This agreement shall not operate directly or indirectly to benefit anyone not named in the Schedule.

Schedule
All persons or organizations that are parties to a written contract that requires you to obtain this agreement, provided you executed the contract before the loss.

See Liberty Mutual Commercial Policy Workers' Compensation and Employers' Liability Policy for OES, as ans per Named Insured Endorsement, attached as Exhibit "E" to FJB's motion for summary judgment, at 00039.

Plaintiff Randal Morgan and his wife filed the instant lawsuit on December 10, 2009 against Hercules and McMoran for personal injuries and damages under the general maritime law and Section 905(b) of the Longshoreman and Harbor Worker's Compensation Act, 33 U.S.C. §905(b). On July 9, 2010, the plaintiffs added FJB as a defendant, arguing FJB is vicariously liable for the negligence of its employees aboard the rig. On June 29, 2010, Liberty Mutual Insurance Company ("Liberty Mutual"), OES's workers compensation insurer, intervened against McMoran and Hercules, seeking reimbursement of all benefits and medical expenses paid to and on behalf of the plaintiffs.

On March 28, 2011, FJB filed a third-party demand against plaintiff's employer, OES, arguing that pursuant to the contract between OES and McMoran, OES is obligated to defend and indemnify FJB from and against the claims asserted by plaintiffs and the intervention of Liberty Mutual. See Doc. 38. On April 4, 2011, FJB filed a second third-party demand against Liberty Mutual, arguing it is an additional insured on the policy issued by Liberty to OES and that the policy provides full and complete coverage to FJB for all claims asserted by FJB in this litigation, noting Liberty Mutual's failure to acknowledge coyerage and failure to undertake a defense of and agree to indemnify FJB. See Doc. 42.

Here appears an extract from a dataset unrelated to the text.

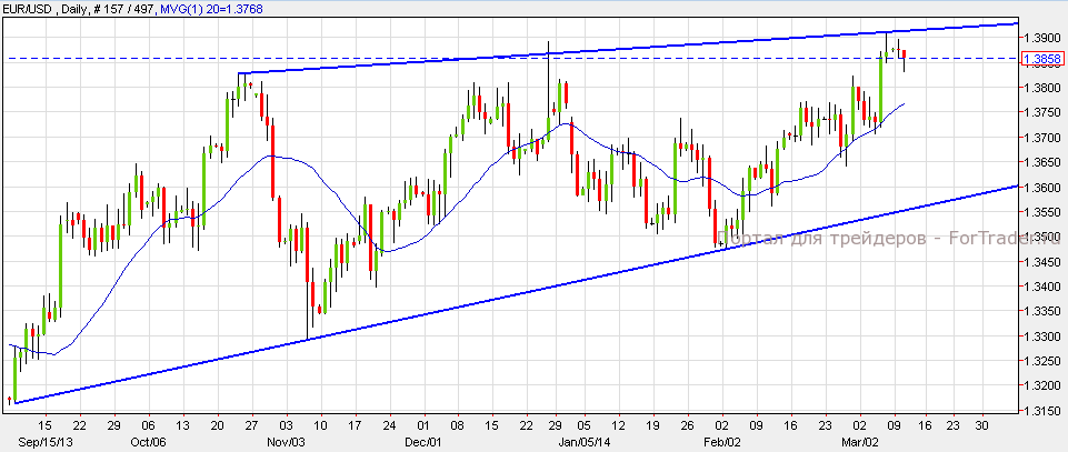 Евро снизился против доллара после выхода Торгового баланса Германии, который не оправдал прогнозов и составил 17.2 млрд против 19.3 млрд. Согласно техническому анализу дневного графика, пара евро/доллар США торгуется в восходящем канале около сильного уровня сопротивления 1.3900. Прорыв уровня сопротивления приведет пару к отметке 1.4000. Однако, обратная динамика вновь приведет пару к отметке 1.3800. Согласно прогнозам, Объем обрабатывающей промышленности составит 0.6% против 0.7% ранее.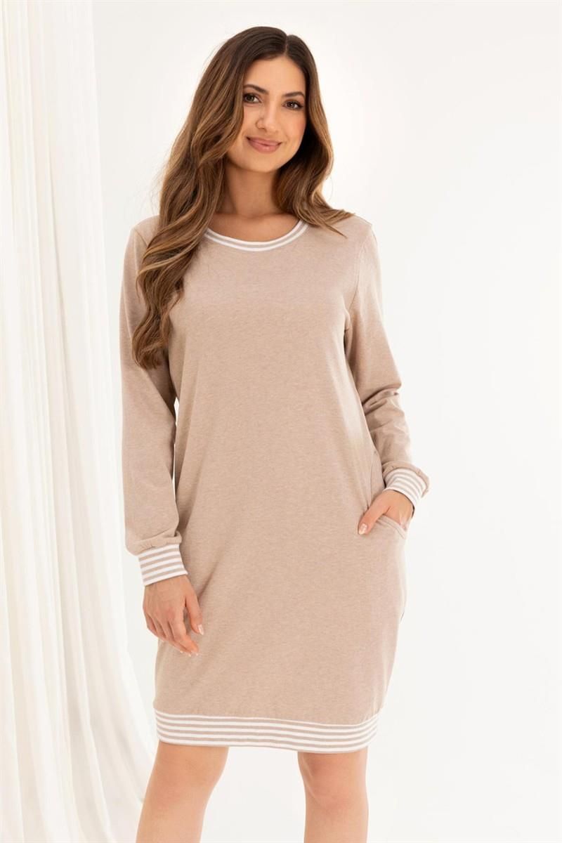 Koszula damska 159 J/25 to sportowy model stworzony z myślą o wygodzie i swobodzie. Wykonana w 100% z miękkiej, oddychającej bawełny, zapewnia komfort podczas wieczornego relaksu i nocnego wypoczynku. Koszulka posiada długi rękaw oraz praktyczne kieszenie, co czyni ją idealną nie tylko do spania, ale także jako domowa odzież na leniwe poranki lub wieczory. Prosty, sportowy krój i szeroka rozmiarówka (M–XXL) sprawiają, że każda kobieta poczuje się w niej swobodnie i naturalnie.

On April 11, 2011, plaintiffs filed their motion for summary judgment, arguing the waiver of subrogation provisions contained in both the OES-McMoran MSA and the Liberty Mutual policy are applicable in this case and waive Liberty Mutual's right to recoup from the defendants herein the benefits paid under the Liberty Mutual policy.

II. Summary Judgment Standard

A party claiming relief, or a party against whom relief is sought, may move, with or without supporting affidavits, for summary judgment on all or part of the claim. Fed. R. Civ. Proc. 56(a) and (b). Summary judgment is appropriate if "the pleadings, the discovery and disclosure materials on file, and any affidavits show that there is no genuine issue as to any material fact and that the movant is entitled to a judgment as a matter of law." Fed. R. Civ. Proc. 56(c)(l)(2).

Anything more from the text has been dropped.